### [ASSIGNMENT]
One part of the entries below is wanted: the lines from the one containing "БИС, экспертно-юридическое бюро" through the one containing "April 14: The". Write those out exactly and nothing else.

### [MATERIAL FOR THE TASK]
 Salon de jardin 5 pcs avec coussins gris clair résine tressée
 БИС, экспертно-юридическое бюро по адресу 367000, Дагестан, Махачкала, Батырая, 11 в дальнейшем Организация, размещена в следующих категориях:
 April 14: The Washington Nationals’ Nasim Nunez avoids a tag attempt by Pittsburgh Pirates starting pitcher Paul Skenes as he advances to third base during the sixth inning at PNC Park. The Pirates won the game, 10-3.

---

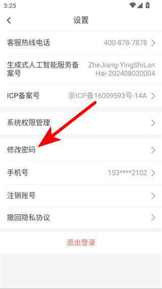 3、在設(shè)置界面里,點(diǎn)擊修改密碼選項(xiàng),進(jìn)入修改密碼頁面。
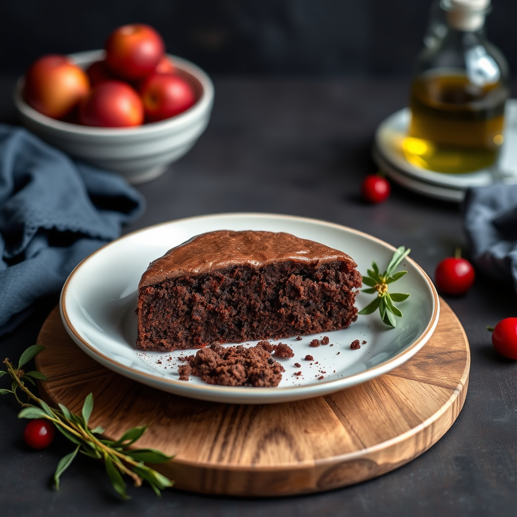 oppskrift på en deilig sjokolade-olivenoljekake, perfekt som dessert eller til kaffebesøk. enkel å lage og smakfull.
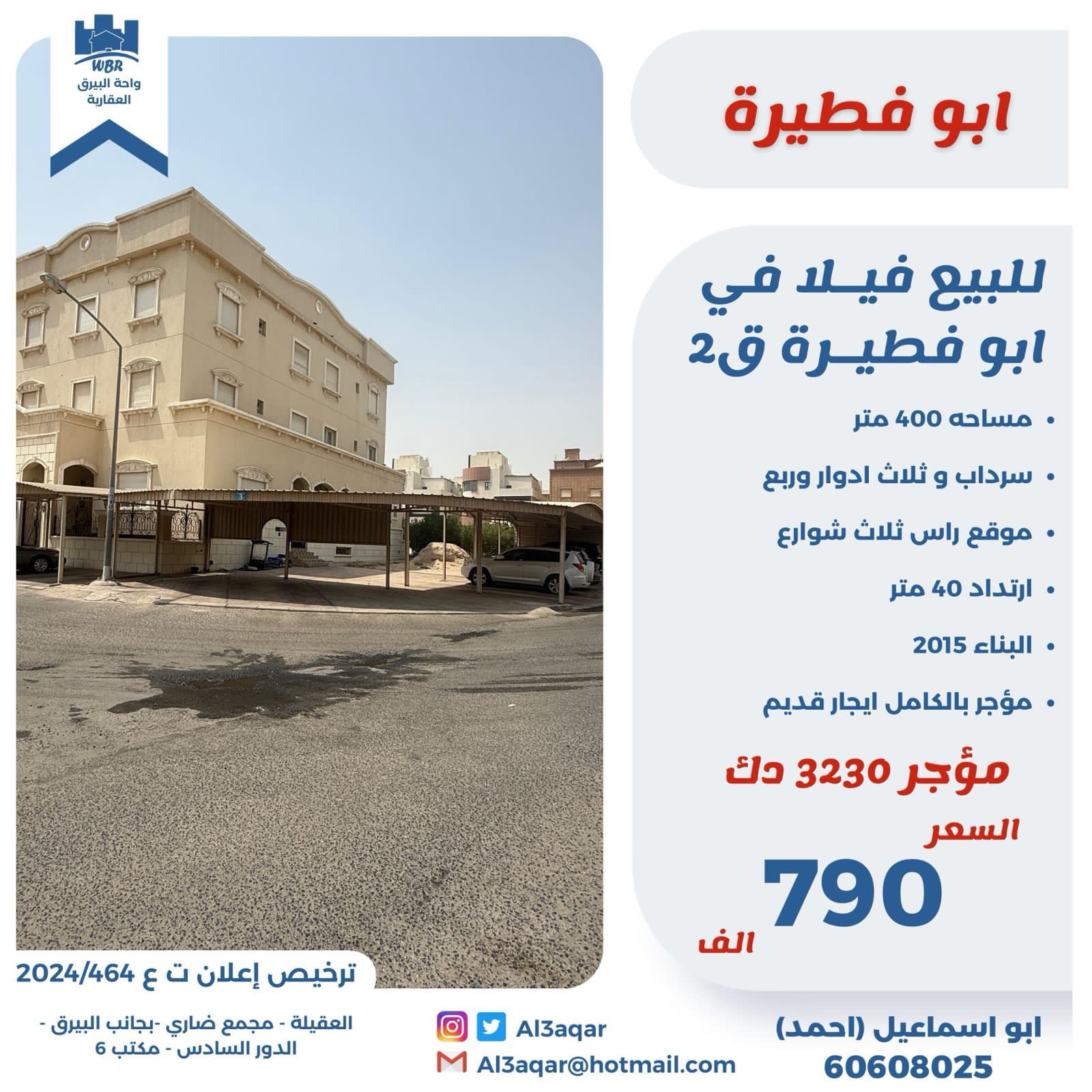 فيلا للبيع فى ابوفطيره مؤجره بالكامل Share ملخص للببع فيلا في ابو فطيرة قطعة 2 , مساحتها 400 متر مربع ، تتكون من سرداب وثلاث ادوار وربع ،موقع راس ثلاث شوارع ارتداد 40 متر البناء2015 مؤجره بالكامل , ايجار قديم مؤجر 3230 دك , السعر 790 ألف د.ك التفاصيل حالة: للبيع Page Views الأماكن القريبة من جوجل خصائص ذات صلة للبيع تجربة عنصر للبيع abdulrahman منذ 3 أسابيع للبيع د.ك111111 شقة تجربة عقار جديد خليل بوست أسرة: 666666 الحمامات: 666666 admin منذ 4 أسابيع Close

* * *

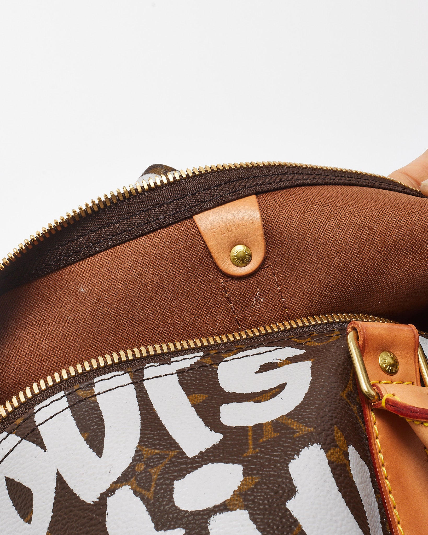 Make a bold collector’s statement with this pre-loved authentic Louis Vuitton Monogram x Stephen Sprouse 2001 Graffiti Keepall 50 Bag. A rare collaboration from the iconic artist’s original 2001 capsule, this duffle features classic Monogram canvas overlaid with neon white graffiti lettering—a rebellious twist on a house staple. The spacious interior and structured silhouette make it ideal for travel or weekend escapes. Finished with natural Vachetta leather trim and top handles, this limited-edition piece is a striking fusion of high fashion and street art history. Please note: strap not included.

### [EXERCISE ANSWER]
 БИС, экспертно-юридическое бюро по адресу 367000, Дагестан, Махачкала, Батырая, 11 в дальнейшем Организация, размещена в следующих категориях:
 April 14: The Washington Nationals’ Nasim Nunez avoids a tag attempt by Pittsburgh Pirates starting pitcher Paul Skenes as he advances to third base during the sixth inning at PNC Park. The Pirates won the game, 10-3.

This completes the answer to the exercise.